A recent Forum Research Poll found that an increasing number of Canadians are using Uber and in support of the ride-sharing service. The poll of roughly 846 found that 30 per cent had used the ride-sharing service and 42 per cent are in strong support of Uber. The 30 per cent response is an increase from a previous poll which found that the same number was around 28 per cent in December last year. “Ridership is still growing, and more voters take Uber's side than the cabbies' side in this ongoing dispute,” according to Forum Research President, Dr. Lorne Bozinoff.
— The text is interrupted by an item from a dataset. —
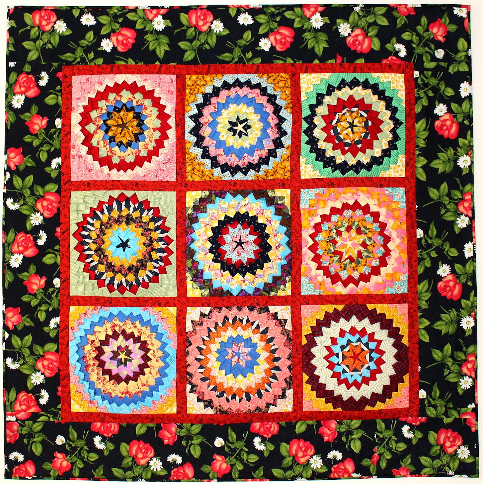 Vous pouvez lui rendre virtuellement visite ici : Nifty Quilts. Personnellement, j’adore sa démarche, je me nourris de ses quilts et de ses orientations, même si mes ouvrages ne sont pas souvent dans la même gamme de couleurs qu’elle ! J’admire d’autant plus que je ne sais pas utiliser ces gammes de couleurs vibrantes…

The rise in popularity of Uber is also prompting Canadian insurance companies to consider introducing insurance coverage for drivers who are carrying paying passengers in their vehicles. Last year, Uber announced with Intact Financial that they were going to be working together in order to introduce an insurance plan that was exclusively designed for the ride-sharing industry. It is estimated that there are roughly 16,000 ride-sharing drivers within the Greater Toronto area alone.
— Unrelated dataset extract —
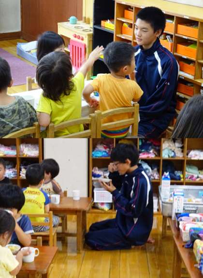 ピノキオ保育園で取れたサクランボのジャムつきケーキのおやつをいただきま〜す。

But not everyone is happy about the success of Uber. There remain many disgruntled taxi drivers who don't like the competition and there are a number of areas still scrambling to establish the necessary guidelines in order to allow these sorts of voluntary ride-sharing exchanges to occur. The manager for Uber in Alberta has just this week threatened that the ride-sharing service will cease operating in the province, unless the provincial government there agrees to make insurance and licensing changes. Although the rules vary depending on the area, drivers in Calgary for example, are being forced to obtain a commercial driving license with a $220 yearly fee. Not only that, but they also have to make sure they get regular inspections for their vehicle, a police background check, and must be able to prove that they are eligible to work in Canada.
A number of Uber drivers commented on the rally in Edmonton, saying that the service there affords them jobs and provides users with safe methods of transportation. They reject the idea that they should have to get a commercial license for driving and they argue that Uber ride-sharing is no different than carpooling.